[Start of section]

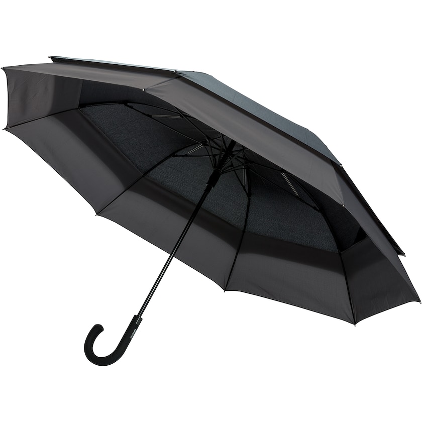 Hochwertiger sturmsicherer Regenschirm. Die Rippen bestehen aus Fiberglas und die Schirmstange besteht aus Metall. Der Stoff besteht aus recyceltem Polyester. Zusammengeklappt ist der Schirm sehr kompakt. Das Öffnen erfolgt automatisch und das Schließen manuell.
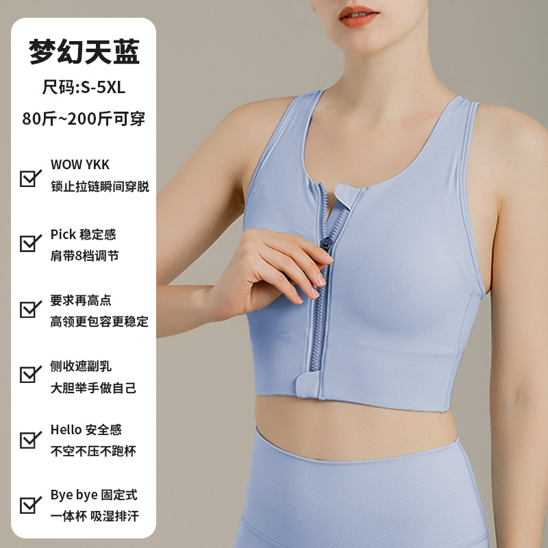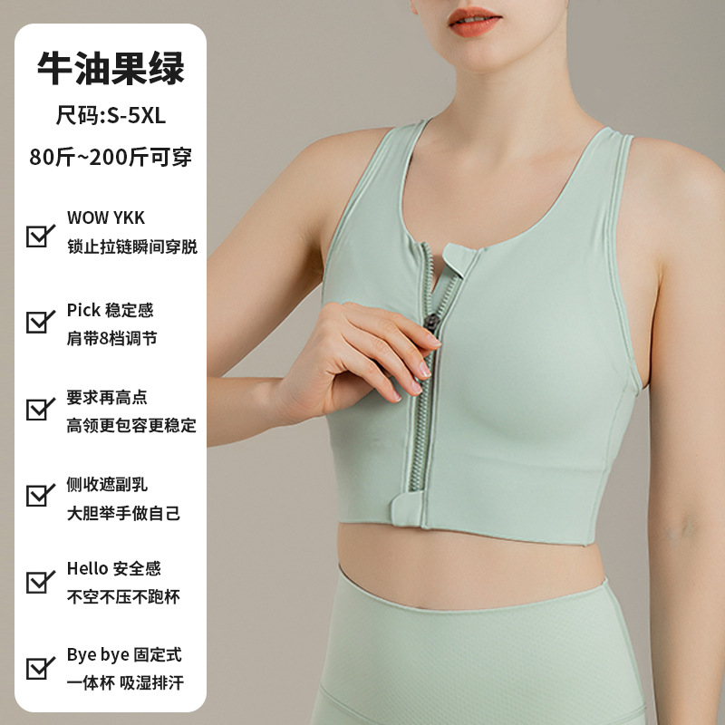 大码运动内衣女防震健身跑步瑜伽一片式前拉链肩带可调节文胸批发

[End of section]
[Start of section]

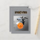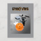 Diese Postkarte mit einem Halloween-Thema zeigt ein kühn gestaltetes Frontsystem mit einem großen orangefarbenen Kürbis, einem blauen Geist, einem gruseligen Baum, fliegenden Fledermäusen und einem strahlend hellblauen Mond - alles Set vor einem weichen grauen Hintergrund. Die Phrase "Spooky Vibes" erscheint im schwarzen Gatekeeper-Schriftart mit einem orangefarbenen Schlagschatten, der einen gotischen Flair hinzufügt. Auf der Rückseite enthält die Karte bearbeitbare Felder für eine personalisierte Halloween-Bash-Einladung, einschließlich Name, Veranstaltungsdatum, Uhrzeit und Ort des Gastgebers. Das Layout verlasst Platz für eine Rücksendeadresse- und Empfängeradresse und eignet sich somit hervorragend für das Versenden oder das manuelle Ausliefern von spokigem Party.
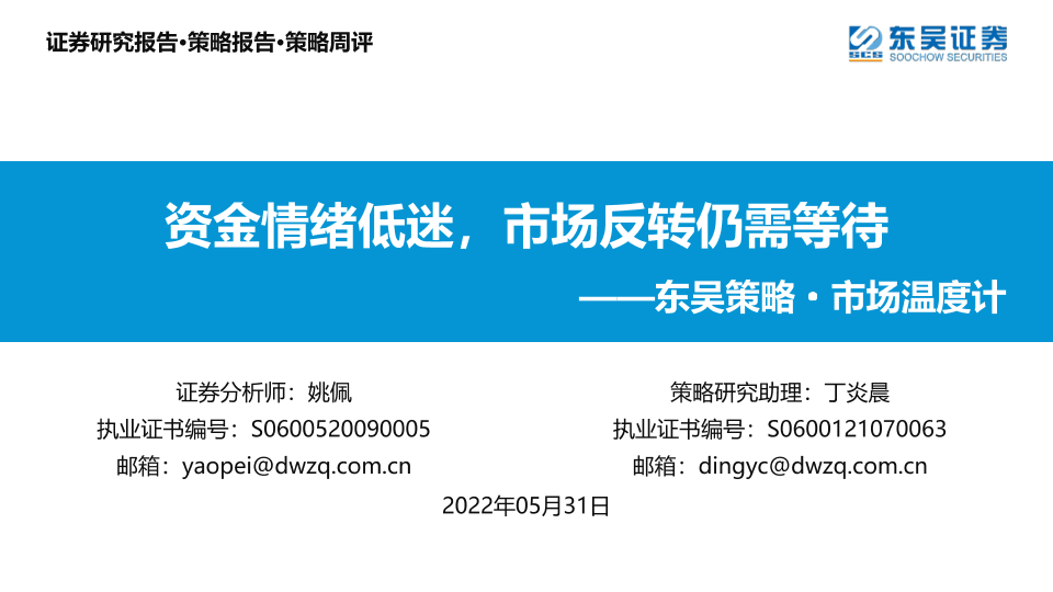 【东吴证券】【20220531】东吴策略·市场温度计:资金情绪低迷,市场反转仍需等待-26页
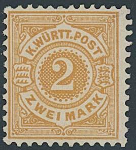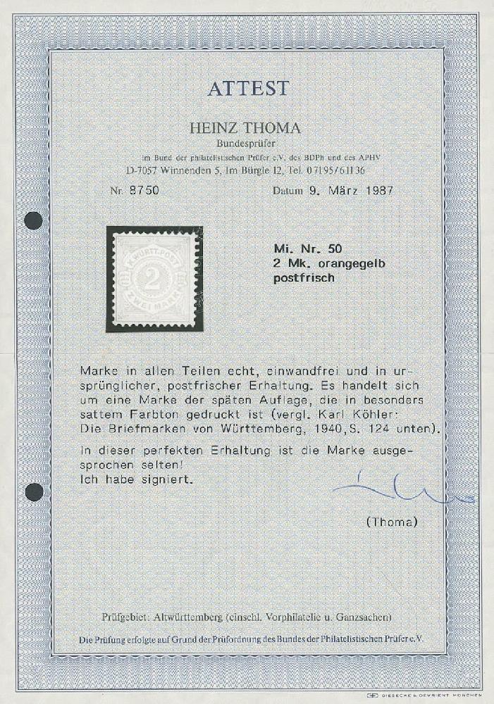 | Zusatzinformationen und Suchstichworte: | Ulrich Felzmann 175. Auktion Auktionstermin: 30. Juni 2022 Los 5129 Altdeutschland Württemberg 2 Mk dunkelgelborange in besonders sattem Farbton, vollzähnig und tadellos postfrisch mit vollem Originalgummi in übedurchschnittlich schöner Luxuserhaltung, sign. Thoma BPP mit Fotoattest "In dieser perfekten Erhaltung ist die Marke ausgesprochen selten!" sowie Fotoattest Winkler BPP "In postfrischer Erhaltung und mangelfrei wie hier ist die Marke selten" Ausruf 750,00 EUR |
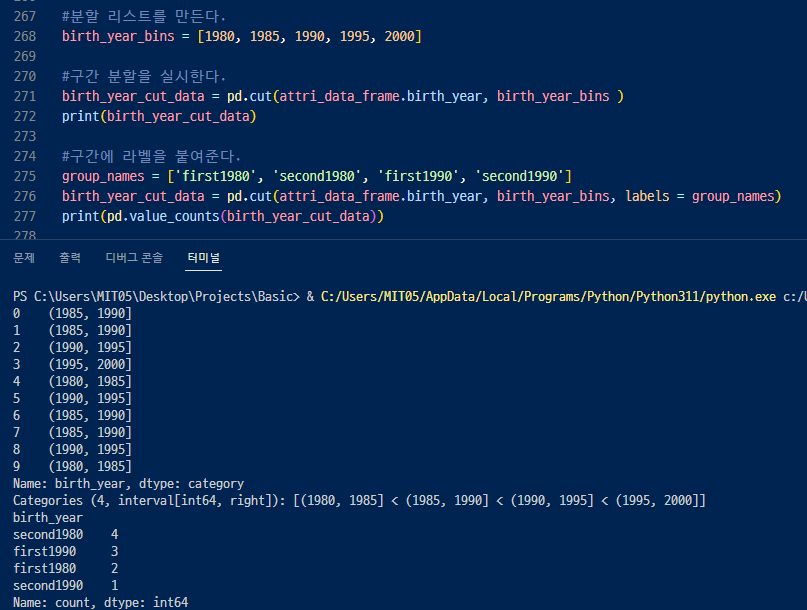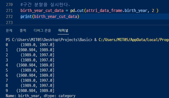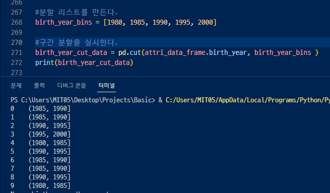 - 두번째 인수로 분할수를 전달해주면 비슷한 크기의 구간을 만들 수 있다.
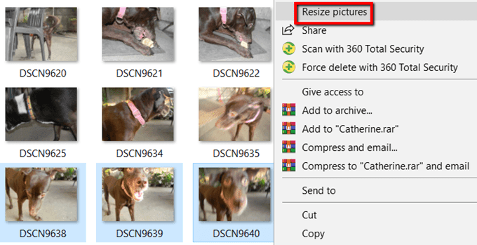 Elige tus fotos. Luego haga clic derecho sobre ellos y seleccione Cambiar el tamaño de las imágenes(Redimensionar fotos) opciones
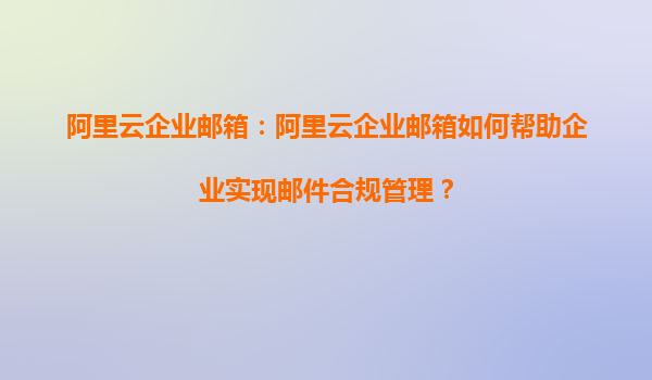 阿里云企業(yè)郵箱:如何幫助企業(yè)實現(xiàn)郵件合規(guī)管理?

[End of section]

▸ **WHAT TO PRODUCE**:
Go back to the listing above and reproduce, exactly, the stretch from the line bearing "Hochwertiger sturmsicherer Regenschirm." through the line bearing "大码运动内衣女防震健身跑步瑜伽一片式前拉链肩带可调节文胸批发", without its pictures.

▸ **TASK OUTPUT**:
 Hochwertiger sturmsicherer Regenschirm. Die Rippen bestehen aus Fiberglas und die Schirmstange besteht aus Metall. Der Stoff besteht aus recyceltem Polyester. Zusammengeklappt ist der Schirm sehr kompakt. Das Öffnen erfolgt automatisch und das Schließen manuell.
 大码运动内衣女防震健身跑步瑜伽一片式前拉链肩带可调节文胸批发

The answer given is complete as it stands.